Lorsque déboule Battle Hymns, le premier opus de Manowar, le groupe semble sorti de nulle part.
Pourtant, il est le fruit d’un travail acharné des deux fondateurs : le bassiste Joey DeMaio, qui fut technicien pour Black Sabbath, et le guitariste Ross-the-Boss, ancien membre des proto-punks The Dictators et des Français de Shakin’ Street qui ouvraient pour Black Sabbath sur une tournée américaine.
Epaulés par le chanteur Eric Adams, ancien camarade de classe de Joey et Donnie Hamzik à la batterie, ils enregistrent les huit titres composant cet album aux Criteria Studios de Miami.
Si le son est un peu cru et manque d’épaisseur, notamment pour la batterie, il installe un groupe déjà sûr de son fait comme en atteste l’ouverture « Death Tone » qui démarre par des vrombissements de motos.
Ce mid-tempo au riff tournoyant s’appuie une basse alerte, dont l’utilisation originale annonce le son Manowar. A cela s’ajoute la voix puissante d’Eric Adams qui sait aussi bien monter dans les aigus qu’asséner des couplets ravageurs.
Pourtant, c’est avec la déflagration « Metal Daze » que le groupe nous montre tout son potentiel. Epais, racé, construit sur un groove imparable et des ponts étonnants, ce titre pose les bases de la carrière du groupe. Le duo basse/guitare est d’une rare efficacité, tandis que les chœurs enfantins et agressifs sur le refrain évoquent un Alice Cooper dopé aux hormones.
On peut faire un constat similaire avec l’hymne « Manowar » qui prouve que les Américains sont capables de construire de véritables chansons. Mais avec eux, c’est une déferlante qu’on prend en pleine figure : basse vrombissante, riffs assassins, chant furieux et chœurs évoquant une armée fondant sur l’ennemi.

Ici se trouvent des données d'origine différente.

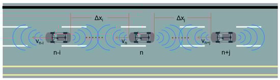 Assuming all vehicles travel along the road’s centreline, the lane-marking and road boundary potential fields become irrelevant. Consequently, there is no need to consider lane-changing behaviour or vehicle deviation angles in this scenario. The intensity of the vehicle potential field exerted by the (n − i)th and (n + j)th vehicles on the nth vehicle can be expressed as follows. Figure 2 illustrates a multi-vehicle car-following scenario involving n + j vehicles (where both n and j > 0). The distance between the (n − i)th and nth vehicle is denoted as , while the distance between the (n + j)th and the nth vehicle is .

Avec « Fast Taker », on perçoit l’influence de Ross-The-Boss qui se fend d’un rock survitaminé qui n’est pas sans rappeler ce qu’il faisait déjà avec The Dictators.
Assez direct et d’une construction simple, ce morceau permet au guitariste de nous prouver tout son talent lors d’un solo à la fois technique et plein de feeling.
Cette petite pépite rend plus fade encore « Shell Shock » qui est, sans conteste, le point faible de cet album. Lent, presque englué dans un riff qui hésite entre tout écraser sur son passage et jouer avec des ambiances angoissantes, ce titre manque sa cible, en raison d’une production sans doute trop légère.
Mais tout cela est rattrapé par les deux pièces maîtresses que sont « Dark Avenger », magnifié par la voix inimitable d’Orson Welles et « Battle Hymn » qui clôt les débats.
Basées sur des atmosphères guerrières, ces chansons développent l’univers épique de Manowar avec un réel talent.
Il suffit de se passer la première pour éprouver des frissons tant le côté cinématographique est perceptible, surtout lorsque le tempo s’accélère, permettant à Eric Singer de se lâcher de manière quasi hystérique.
Aussi épique, « Battle Hymn » fait souffler un vent guerrier sur près de 7 minutes, en faisant découvrir les multiples facettes d’un groupe en pleine construction. Cerise sur le gâteau, Joey DeMaio nous prouve sa technique en reprenant « William’s Tale » de Rossini à la basse, offrant à cet instrument, souvent le parent pauvre du rock, une visibilité méritée.
Il s’ensuivra une courte tournée européenne qui verra Donnie Hamzik jeter l’éponge pour être remplacé par Scott Columbus.
Une nouvelle version de l’album sera enregistrée en 2010 avec les mêmes musiciens, mais Christopher Lee à la narration de « Dark Avenger ».